Как только бобр выбирает подходящую для себя территорию (поток, который ему нравится, где он чувствует себя в безопасности и подле которого он найдет изобильную пищу), он воздвигает плотину, выкапывает галереи для подхода и строит хатку с усердием и невероятным упорством. Ничто не заставит его отступить — ни разрушительный топор человека, ни даже взрыв динамитом его постройки. Столько раз, сколько потребуется, он будет затыкать бреши или заново возводить разрушенную стену. „Только смерть может помешать ему строить“, говорили в старину люди.
Это упорство, весьма благоприятное для процветания вида в природе, ставит грозную проблему, как только оно сталкивается с равнозначным упрямством человека. Только бобр и мы сами имеем равную привилегию существенно изменять наше окружение. Мы приспосабливаем среду к нашим нуждам в гораздо большей степени, чем адаптируем свои потребности к нашему окружению. Как только наши взаимные жизненные пространства соприкасаются, сразу же возникают конфликты. Следует знать, что вплоть до недавнего времени человек всегда разрешал тяжбы с бобрами объявлением односторонней войны.
Надо сказать, что бобр не имеет ничего общего с теми, кто мастерит только по воскресеньям. Если он осуществляет свои планы, то на площади в десятки квадратных метров. Его строительные площадки занимают впечатляющее пространство.
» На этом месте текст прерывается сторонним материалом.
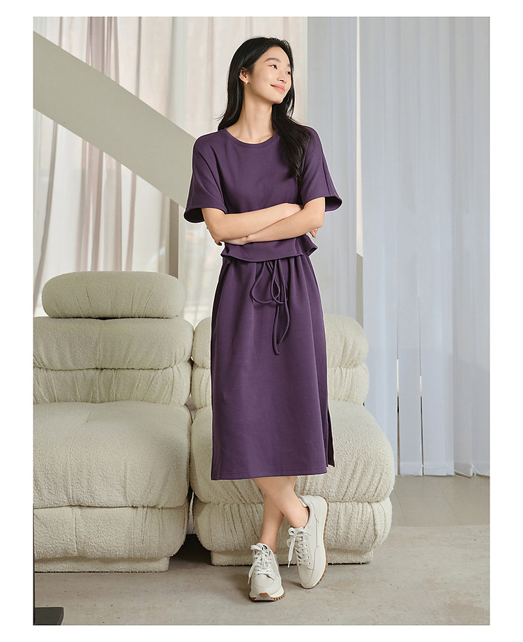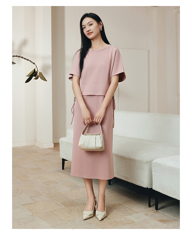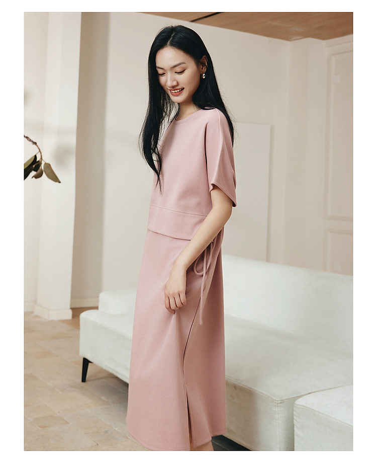 玖姿旗下安娜蔻系列休闲简约抽绳轻运动收腰连衣裙女夏季 928972
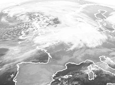 Das Orkantief 'Franz' liegt mit seinem Zentrum über dem Europäischen Nordmeer. Es bringt von Westen ein dichtes Wolkengebiet mit teils kräftigem Regen nach Deutschland. Dahinter strömt etwas kühlere Luft heran. In ihr haben sich um Irland und Schottland bereits Schauerwolken gebildet. (Bildquelle: NERC Satellite Receiving Station, Dundee University, Scotland, http://www.sat.dundee.ac.uk/)
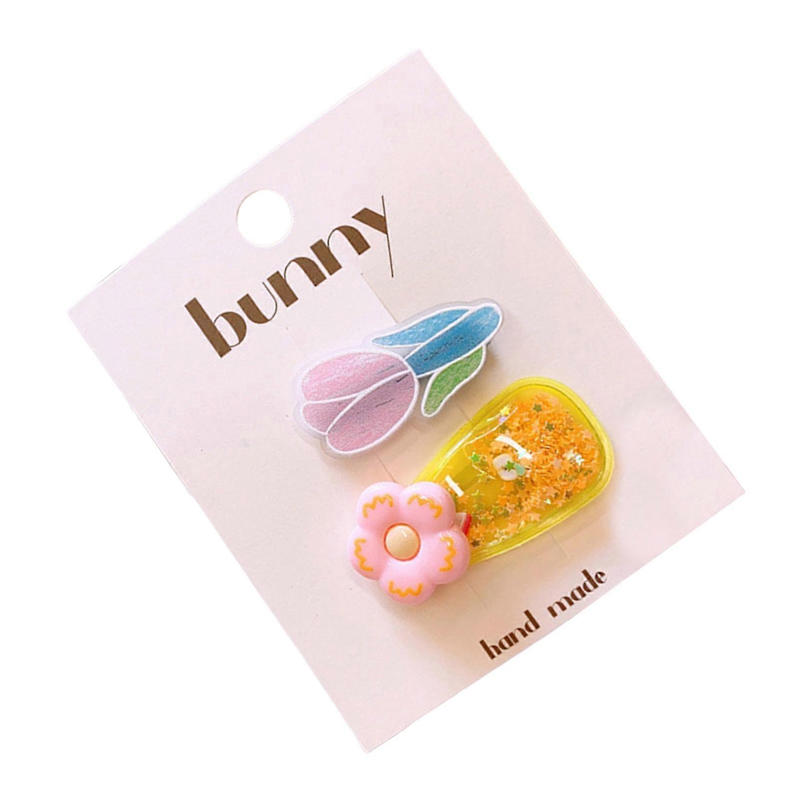 2pcs Plastic Hair Clip Flower Glitters Detailing NonSlip Hair Pin For School Girl Outdoor Activity Headwear Yellow
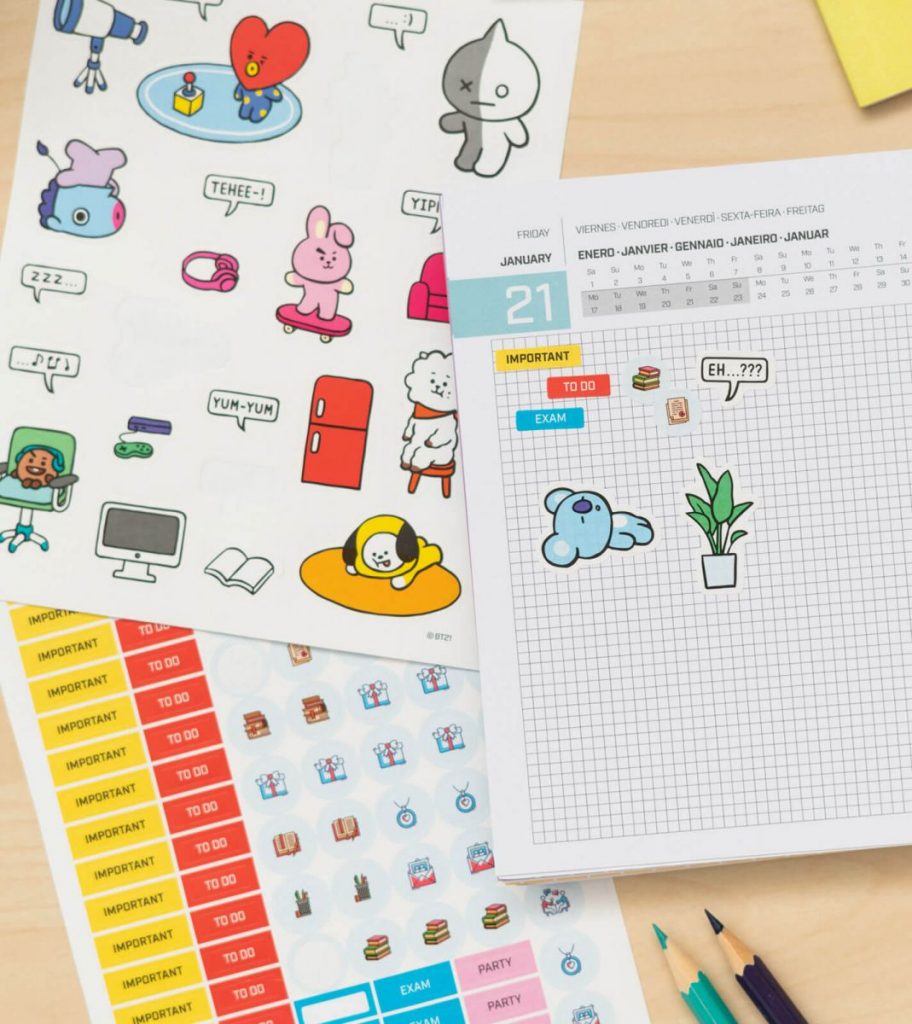Kalendarz w formie notesu pozwoli Ci mieć zawsze wszystkie ważne daty i informacje pod ręką! Zawiera 320 strony z miękką przednią i tylną okładką na spirali – wszystko ozdobione postaciami BT21. W środku znajdziesz 2 strony z kolorowymi naklejkami oraz kieszonkę na ważne karty, wizytówki czy dodatkowe materiały. Na pierwszej stronie możesz podać swoje dane, aby w razie zagubienia notes mógł trafić z powrotem do Ciebie! 🙂

Созданные им водоемы равны по площади небольшим озерам. Ущерб, невольно наносимый им человеческим предприятиям, может быть значительным. Бобр превосходно вооружен для того, чтобы валить деревья, это свойственно его природе; он предпочитает березы и осины, но с не меньшим успехом может за одну ночь повалить на землю полдюжины молодых фруктовых деревьев. Кроме того, его инстинкт (его генетическая программа) непременно предписывает ему постройку плотин, и ему все равно — перекрыть ирригационный канал, засыпать осушной ров или затопить дорогу водой, задержанной его плотиной.